When the palliative care discussion turns to spiritual issues, hospital chaplains are not allowed, by their code of ethics, to proselytize. Providence has chaplains representing several faiths. The obligation all of them share, Stiller said, is to listen, respect and comfort.

Today’s physicians, Stiller said, likewise welcome conversations to define a patient’s wishes.

“We actually deal with physicians who are in moral distress because families want everything done,” said Schatz, even when additional procedures are futile. These doctors are asking, “Is it ethical to keep doing everything medical technology can do?”

“Doctors want to fix people,” Stiller said. “And we have a culture where we want to get fixed. We want to get better. It’s good to fight. It’s good to be cured. But what’s evolving in medicine is what if it’s not working as well. There comes a time when we’re not fixable. We’re just patchable.”

So is it possible for people to decline some of the things technology can do?

“Yes,” said Stiller. “You can say, ‘No thanks.’ That’s where medicine is evolving. To where you can have the conversation.”

To help patients and their families have these conversations, before a crisis strikes if possible, Providence encourages the use of the “Five Wishes” booklet, which enables people to write down their preferences on a signed and notarized statement.

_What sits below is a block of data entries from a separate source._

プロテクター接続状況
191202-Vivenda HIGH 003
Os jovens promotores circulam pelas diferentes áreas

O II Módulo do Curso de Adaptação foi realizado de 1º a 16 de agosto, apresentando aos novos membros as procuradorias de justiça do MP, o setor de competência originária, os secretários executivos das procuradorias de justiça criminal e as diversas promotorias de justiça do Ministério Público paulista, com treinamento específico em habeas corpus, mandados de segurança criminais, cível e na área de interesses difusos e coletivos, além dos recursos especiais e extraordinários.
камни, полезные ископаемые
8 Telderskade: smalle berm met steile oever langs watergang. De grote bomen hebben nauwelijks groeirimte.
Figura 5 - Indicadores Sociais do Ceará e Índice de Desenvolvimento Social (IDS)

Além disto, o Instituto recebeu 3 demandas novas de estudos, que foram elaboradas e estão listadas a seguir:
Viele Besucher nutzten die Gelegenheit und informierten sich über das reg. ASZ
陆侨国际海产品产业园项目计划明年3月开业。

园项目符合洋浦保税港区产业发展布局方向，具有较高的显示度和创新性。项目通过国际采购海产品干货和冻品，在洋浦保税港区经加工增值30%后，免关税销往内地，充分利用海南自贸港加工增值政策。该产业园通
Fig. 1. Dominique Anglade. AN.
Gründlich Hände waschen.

Dr. Bob Bray, medical director at Hospice of Spokane, said it’s not as hard for people to outline their preferences as they might think: “People actually do know what they want to do.” What’s needed, he said, is “having the opportunity to talk out their thoughts: Who do I want to make decisions for me if I can’t? And what decisions do I want them to make?”

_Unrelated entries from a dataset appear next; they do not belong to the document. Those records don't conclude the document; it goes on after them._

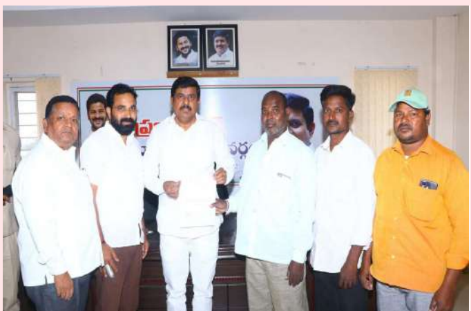
తాండూర్ ఫిబ్రవరి 7 ప్రజా జ్యోతి :-

-రూ 2లక్షల 50వేల ఎల్ఓసీని అందించిన ఎమ్మెల్యే
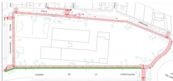
Plano del entorno del Instituto Salmadina, donde se llevarán a cabo las distintas actuaciones VIVA CHIPIONA

Una actuación que no solo se pondrá en marcha en la calle Arboleda y sus entradas, sino también en las inmediaciones más cercanas como la zona de la Avenida de la Constitución y el tramo correspondiente a Miguel de Cervantes. Además, se realizarán numerosas obras de canalizaciones, de mejora de algunas infraestructuras en avenidas como la de Rota y de accesibilidad en zonas con mayor concurrencia de personas, especialmente de jóvenes que necesitan unos itinerarios peatonales más segu-
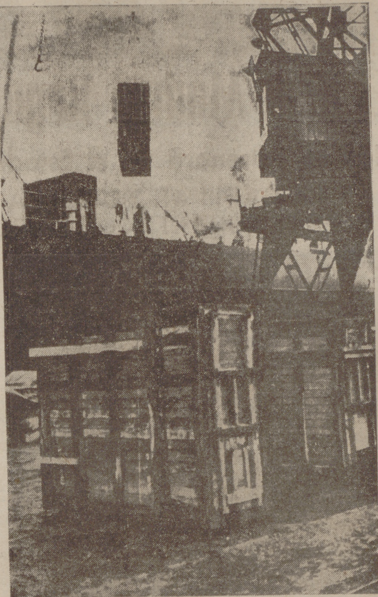
Santander.—Un momento del embarque en el vapor "Salamanca" de una partida de toros de lidia con destino a la plaza de toros de Lima. A la misma vez también se transportarán sacos de arena de la Maestranza sevillana para cubrir el ruedo de aquella plaza de toros.
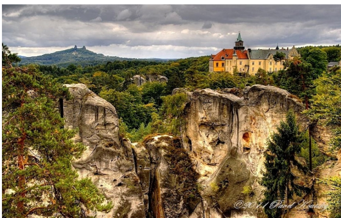
Ilustrace 2: Mariánská vyhlídka, Hruboskalsko

K oblíbeným místům Hruboskalska patří skalní vyhlídky (Janova, U Lvíčka, vyhlídka na Kapelu, Mariánská) a arboretum Bukovina (první pokusná plocha na pěstování severoamerických dřevin ve střední Evropě). Pod Mariánskou vyhlídkou se nachází symbolický hřbitov horolezců, který je věnován památce horolezců, kteří tragicky zahynuli při svých výpravách (KUDYZNUDY a, 2023). Na ilustraci 2 se nachází Mariánská vyhlídka, z které je výhled na okolní skupiny skal, hrad Trosky a zámek Hrubá Skála.
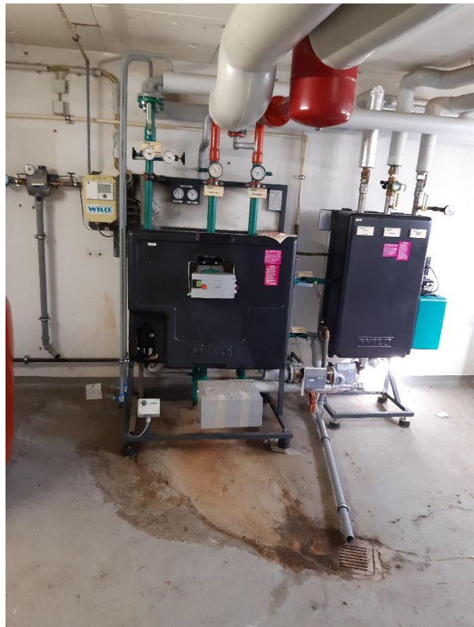
Sputnikweg 12, KG-WLO Fernwärmestation
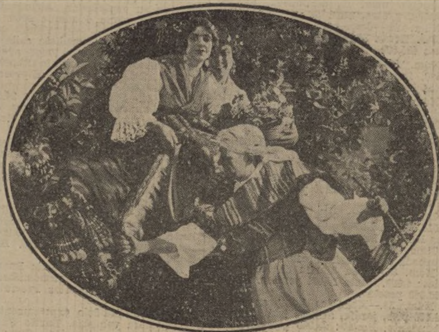
Cuadro de Emilio Ferrer, que ha figurado en la Exposición permanente del Círculo de Bellas Artes.

El año artístico ha comenzado con auspicios inmejorables. En lo que va de mes se han celebrado numerosas Exposiciones de Pintura, que si no han sido comentadas con la extensión que merecían, cúlpanse á exigencias del breve espacio de que disponemos, y no á falta de interés de las mismas.
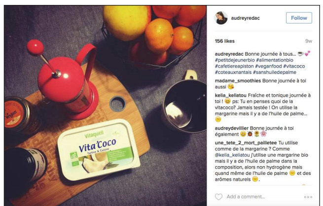
audreyredac Follow 156 likes 9w audreyredac Bonne journée à tous... 🍌 #petitdejeunerbio #alimentationbio #cafetiereapiston #veganfood #vitalocco #coteauxantais #sanshuiledepalme madame_smoothies Bonne journée à toi aussi 🍌 kella_kellatou Fraîche et tonique Journée à toi ! 🍌 ps: Tu en penses quoi de la vitacoco? J'aimais tester! On utilise la margarine mais il y a de l'huile de palme... 🍌 audreydevillier Bonne journée à toi également 🍌🍌🍌 une_tete_2_mort_paillette Tu utilise comme de la margarine? Comme @kella_kellatou j'utilise une margarine bio mais il y a de l'huile de palme dans la composition, alors non hydrogène mais quand même de l'huile de palme 🍌 et des arômes naturels 🍌
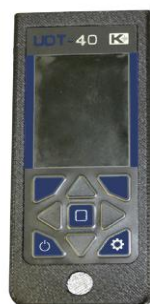
д) УДТ-40 (UDT-40)
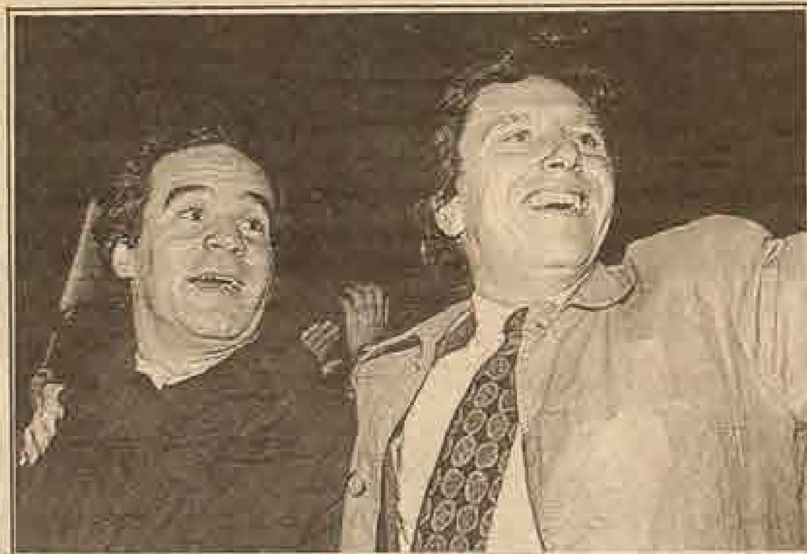
El presidente de Renovación Nacional, Andrés Allamand, y el diputado Alberto Espina.
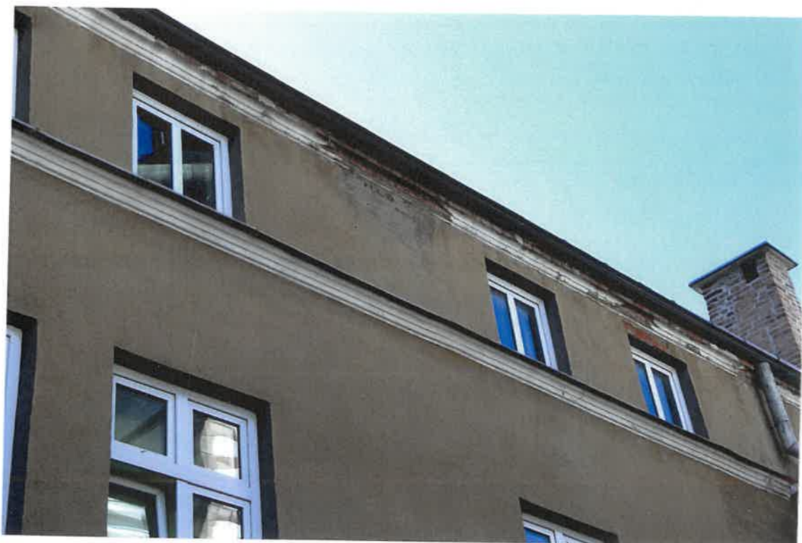
Fot. 17. Plebania z XVII wieku przy Kościele Farnym p. w. Św. Trójcy w Krośnie. Elewacja wschodnia skrzydła południowego z XX wieku – zbliżenie na ubytki gzymsu wieńczącego. Stan zachowania przed konserwacją w maju 2022 roku.
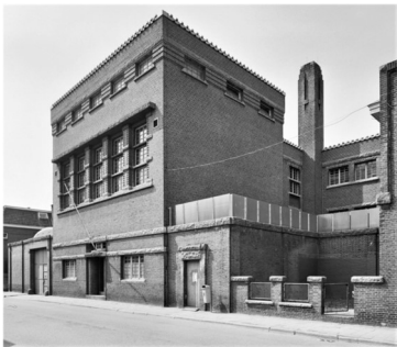
Almelo: Huis van Bewaring

In 1923 werd hij benoemd tot hoofdarchitect van de Rijksgebouwendienst. In die hoedanigheid ontwierp hij onder andere het voormalige Huis van Bewaring aan de Marktstraat in Almelo (nu: rijksmonument/hotel).
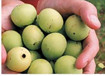
▲厳しい自然環境で生き抜くために、固い皮で包まれたマルラの実。甘酸っぱく、栄養豊富なので野生の象も好んで食べるそう。
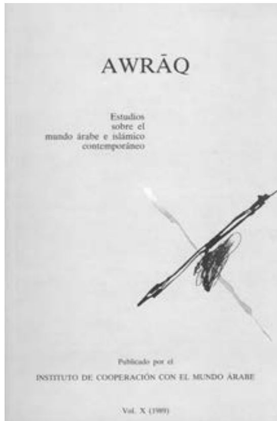
Portada del volumen X de la revista Awraq (1989).
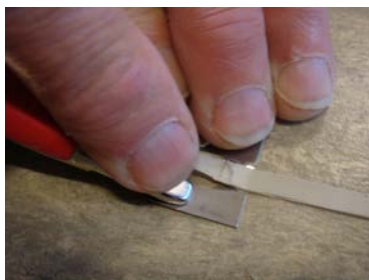
Ny dobbeltniv (Mozart)
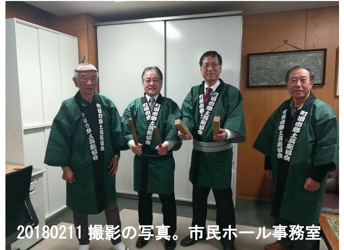
20180211 撮影の写真。市民ホール事務室

日本では、15歳から65歳未満の年齢に該当する世代が生産年齢人口と称されています。それ以外の世代は、逆の意味で「従属人口」や「被扶養人口」と称されています。果たして、この定義・説明に納得できる人がどれ程いるのでしょうか。むしろ、大きな社会的問題となっている課題は、40-50歳になった世代を70-80歳代が扶養しているという現実です。
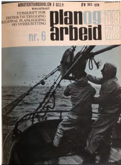
Plan og arbeid, tidsskrift for distriktsutbygging, regional planlegging og sysselsetting, forside, nr.6, 1978.

En annen kilde jeg har søkt for å teste hukommelsen min er tidsskriftet Plan. Faktaorientert og fri for den akademiske ambisiøsiteten som preger artikler som skal passe inn i det norske tellekantsystemet for forskningsartikler.

As Bray spoke, in a warmly furnished living room at the nonprofit organization’s modern facility on Spokane’s South Hill, 273 people were using Hospice of Spokane services: counseling, support, and nursing care with a focus on comfort. Hospice does nothing to hasten death, Bray emphasized. It aims to help loved ones be close and say goodbyes, as they walk through the journey together. Most hospice clients live at home. Only a comparatively small number stay in the facility’s 12 well-furnished suites.

“The culture of medicine is slowly evolving,” Stiller said, “to a culture where we are caring for the whole person. Recognizing that although technology is wonderful and can do great things, we cannot at all times prevent someone from dying. Dying is natural and happens to us all. You can define what it means to have a good end of your life. You can have a good end of your life. It doesn’t have to be terrible.”